The perfect negative review of this book would start by introducing it, HOW TO TAKE SMART NOTES, and contextualize it as being about the Zettelkasten, or "slip-box," method of note-taking. In fact, not merely "note-taking" as the common Anglophone school usage might have it, but a system of knowledge-gardening habits that centers the production of lots and lots of note items.

The review would then digress, for paragraphs and paragraphs unto whole ass chapters, about the theory of book reviews, about how somebody studied book reviews and found that most people only read the first and last sentences (cf. Bullshytte 2024), and only occasion would this digression touch back on HOW TO TAKE SMART NOTES.

But I have only so much energy for clever Goodreads review games, so that's enough of that.

HTTSN is ultimately a tedious exercise in enduring Ahrens' citations of psychology and learning-theory studies.

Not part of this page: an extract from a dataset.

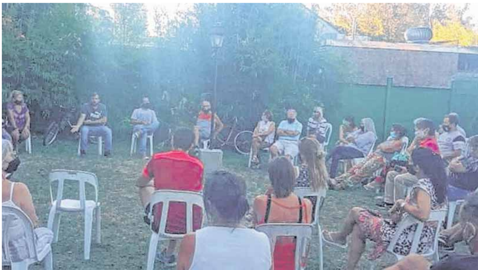
UN PASAJE DE LA REUNIÓN QUE MANTUVIERON VECINOS DE CITY BELL, QUE DENUNCIAN UN INCREMENTO EN LA CANTIDAD DE ROBOS EN ESA ZONA

Vecinos de la zona Norte aseguran que no cesaron los vuelcos, la contaminación y los olores. Por eso, hoy harán un reclamo en el Puente Venecia. Mientras, desde la Comuna afirman que la recuperación del cauce entró en una nueva etapa. PÁG. 12

And you know, I wouldn't have had so much of a problem with it if he bothered to give a bit more detail about the results. It would help to know the effect size, for example, or the base rates, or whatever. I am not going to chase down the dozens of reference papers just to confirm that they're saying what Ahrens claims.

As to the Zettelkasten method, I don't think this book really convinced me that it's "How to Take Smart Notes" - in fact, it gave me a more jaundiced view of the "Personal Knowledge Management" scene. You see, they might talk about Zettelkasten as this special technique of this guy Luhmann, except it wasn't unique to Luhmann, he was just a weird nerd with a bespoke inter-note reference scheme and a whole fuckton of notes. It's not even clear that he was an especially influential or insightful social scientist, for all the notes he took and all the books and articles he produced out of them.

Long on pop-psych justifications and short on technique, I can't give more than 1.5 stars, rounded down.